The potential exposures could have occurred during treatments as far back as April 2003 at the Tennessee GI Clinic, May 2004 at the Miami GI Clinic and January 2008 at the Augusta ENT Clinic.
Since February 2009, the Department of Veterans Affairs has warned nearly 11,000 potentially affected patients, requesting that they obtain blood tests. So far, test results have been received back on at least 6,531 veterans.
As of April 24, 2009, the VA confirms that four cases of HIV have been found among those exposed, including two veterans treated in Miami, one in Tennessee and one in Georgia. Another 20 patients have been diagnosed with Hepatitis C (8 from Tennessee, 7 from Miami and 5 from Augusta) and 6 patients have been diagnosed with the less severe Hepatitis B (4 from Tennessee, 2 from Georgia and none from Miami).

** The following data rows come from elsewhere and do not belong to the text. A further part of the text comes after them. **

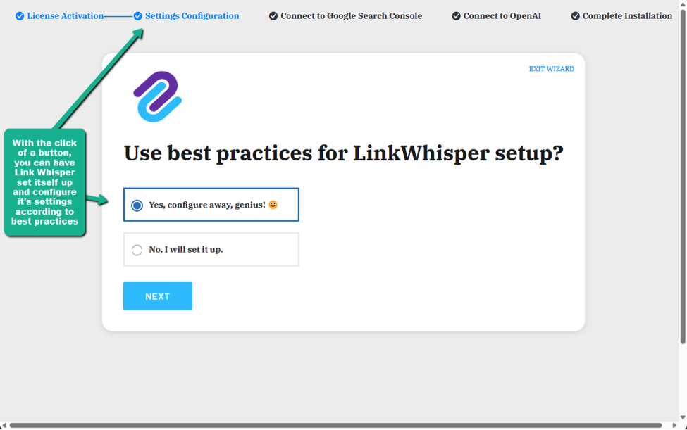 Next up is a really simple question: Do you want Link Whisper to configure its settings based on the best-use practices? Saying “Yes!” tells Link Whisper to set itself up with what we’ve learned over the years of setting up Link Whisper.
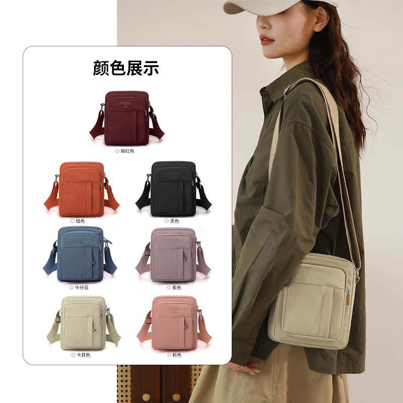 新款 多层背包尼龙布斜挎包单肩包百搭女士迷你斜挎包纯色手机包袋
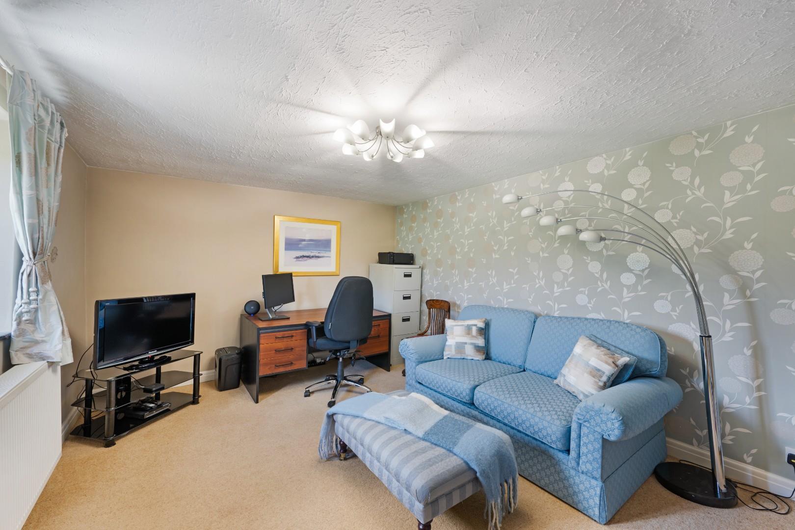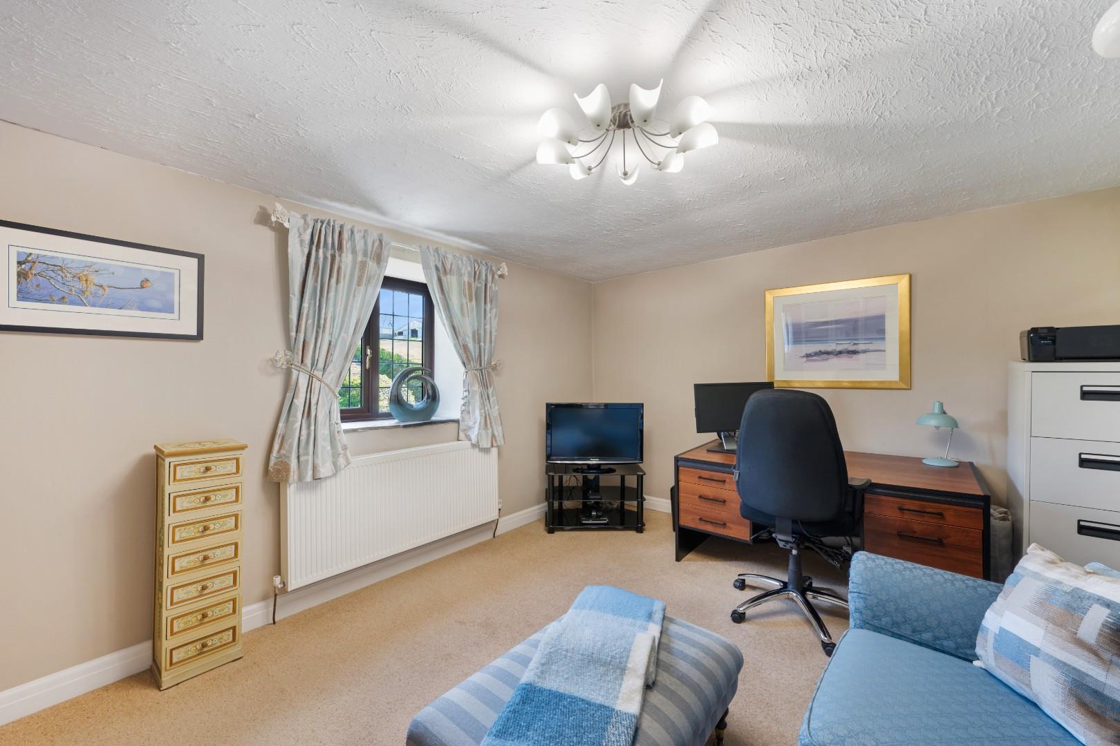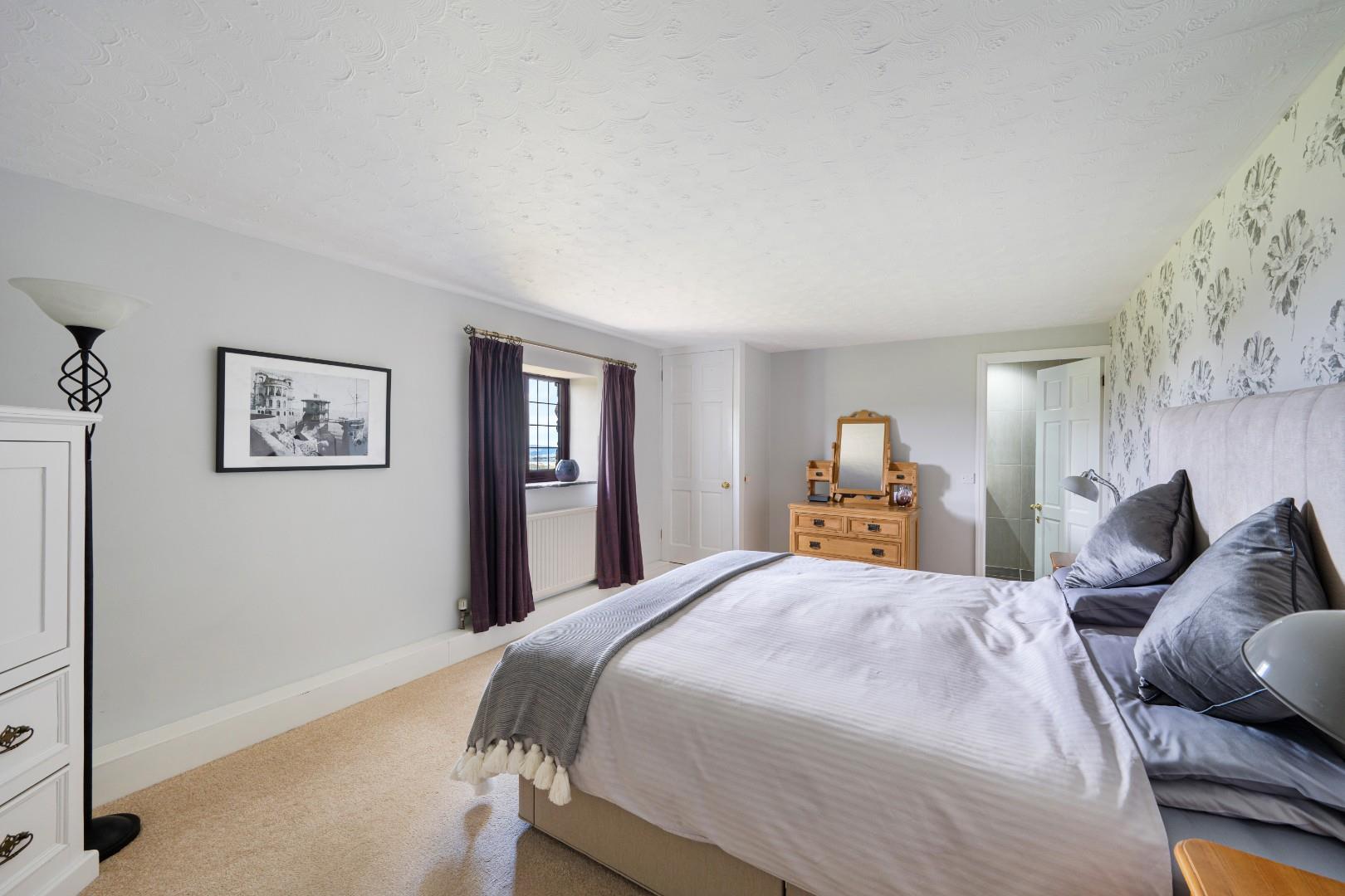 The principal bedroom benefits from its own dressing room with fitted furniture, along with a three-piece en-suite shower room, creating a private and practical retreat. The remaining three bedrooms are all generous doubles, each enjoying ample space for freestanding furniture.

Although these cases have been identified among those that may have been exposed, the VA indicates that they are not necessarily linked to the VA clinic endoscopy problems and they are continuing to evaluate the cases.
Over 100 VA personnel at the three hospitals have been assigned to make sure that potentially affected veterans receive prompt testing and counseling.
Congressional members of the Veterans Affairs Committee have requested a hearing in late May 2009 to discuss the VA’s handling of the problems.